Taxes, paperwork, health insurance, etc. All the things that companies take care of for employees? You have to do them. You have to pay taxes throughout the year. You have to figure out the best method of handling your health insurance. You have to manage contracts and invoices for your clients. And if they don't pay, it's your job to hunt them down. There's a lot of paperwork in freelancing. Have fun.
Do you have family at home? The COVID lockdowns taught us that none of us like working from home with our families there. It's tough to manage those boundaries. You need an attack plan. In our house, I have to lock my office door. I have a set of headphones at the ready in case I can't concentrate because my two boys are making too much noise downstairs in the living room. I have to let my wife know when I have an important call scheduled so that she can keep the boys from coming upstairs. I also have to explain to my kids why I can't play with them even though I'm home. There are a lot of different dynamics to the family that change when you work from home, and you have to address them in some way, shape, or form.

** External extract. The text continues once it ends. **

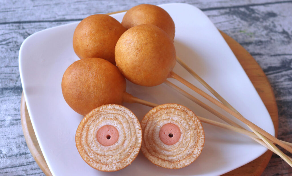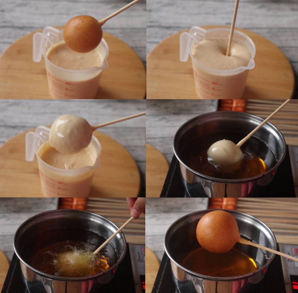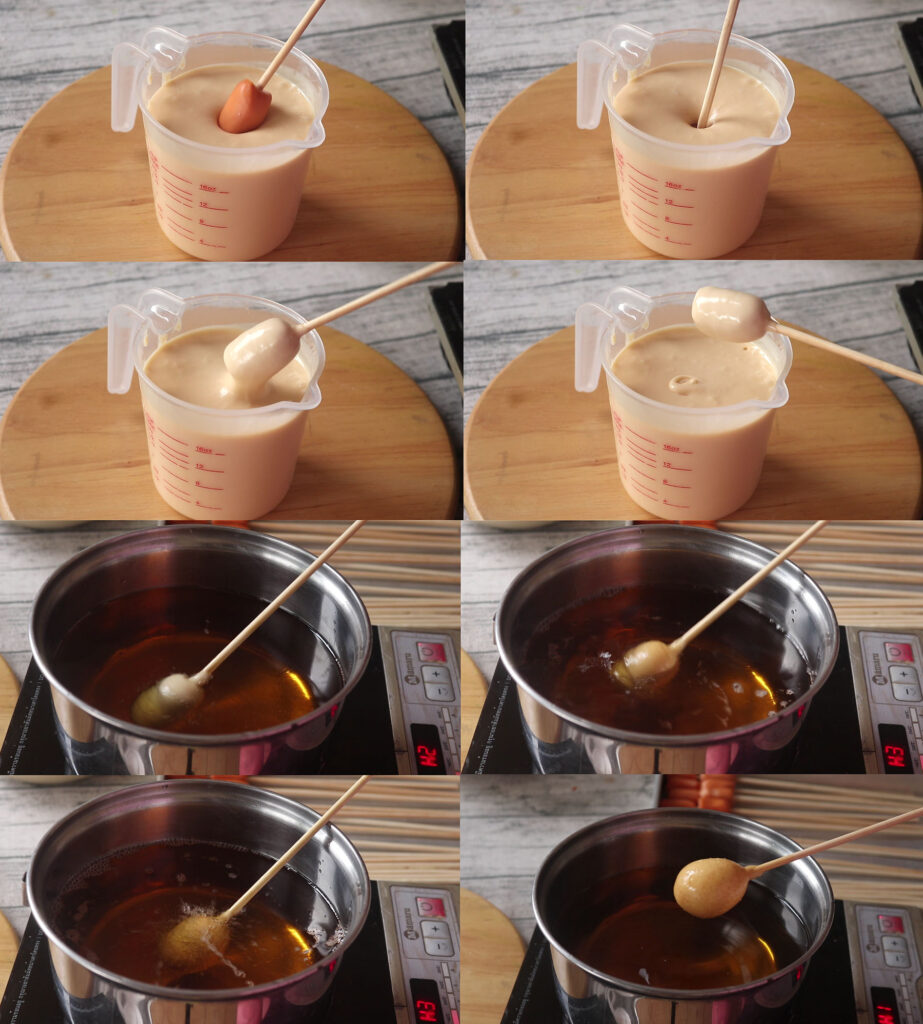 4.เสียบเสร็จนำไส้กรอกมาจุ่มแป้ง(รอบแรก) ทอดในน้ำมันที่ร้อน ทอดด้วยไฟกลาง เวลาทอดให้หมุนไม้ไปด้วยขนมจะได้เป็นทรงกลมสวยงาม ทอดจนสุกเหลือง

You do a lot of unpaid work. Here's one of those fun things nobody realizes: you work for free a lot. I don't mean for clients (I just told you not to do that), but for yourself. Prospecting for clients, learning new research on an industry, marketing yourself in general, managing your taxes, haggling over contracts, balancing your business expenses... it's all unpaid work. It takes time out of your day, and you don't get a dime for it. That has to factor in when considering the rates you charge – oh, and figuring that out is unpaid work, too.

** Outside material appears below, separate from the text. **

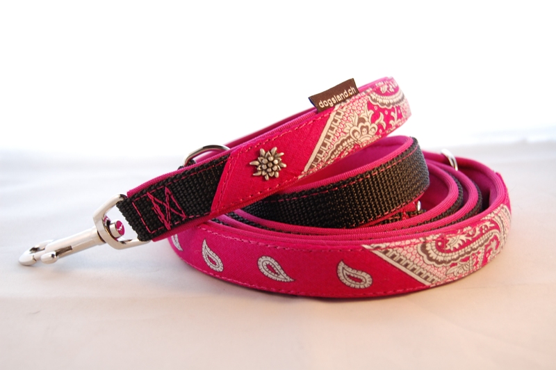 Auf das Glarner Hundehalstuch können bei Bedarf Edelweiss Nieten (Sfr. 2.00 pro Stk.) oder eine Wunschbestickung (SFr. 10.00) angebracht werden, bitte unter Sonderwunsch eintragen.

For me, the pros are worth it
I've found that, generally speaking, I can minimize the impact of the cons. And I learn ways to do so all the time. It's a fluid situation. My writing career today is completely upside-down compared to what it was even a year ago. Next year, it'll be even more different.
But if you love to write and you can manage your time and energy effectively, I think writing professionally is the best gig on the planet. I wouldn't trade it for anything. You might feel the same way.
What do you do with this information?
Try it. Go out and get a writing gig or two. Work it on the side for an hour or two at night. See if you can't fall in love with the process.
If you can love the process, nobody will be able to stop your success – and the sky will be the limit.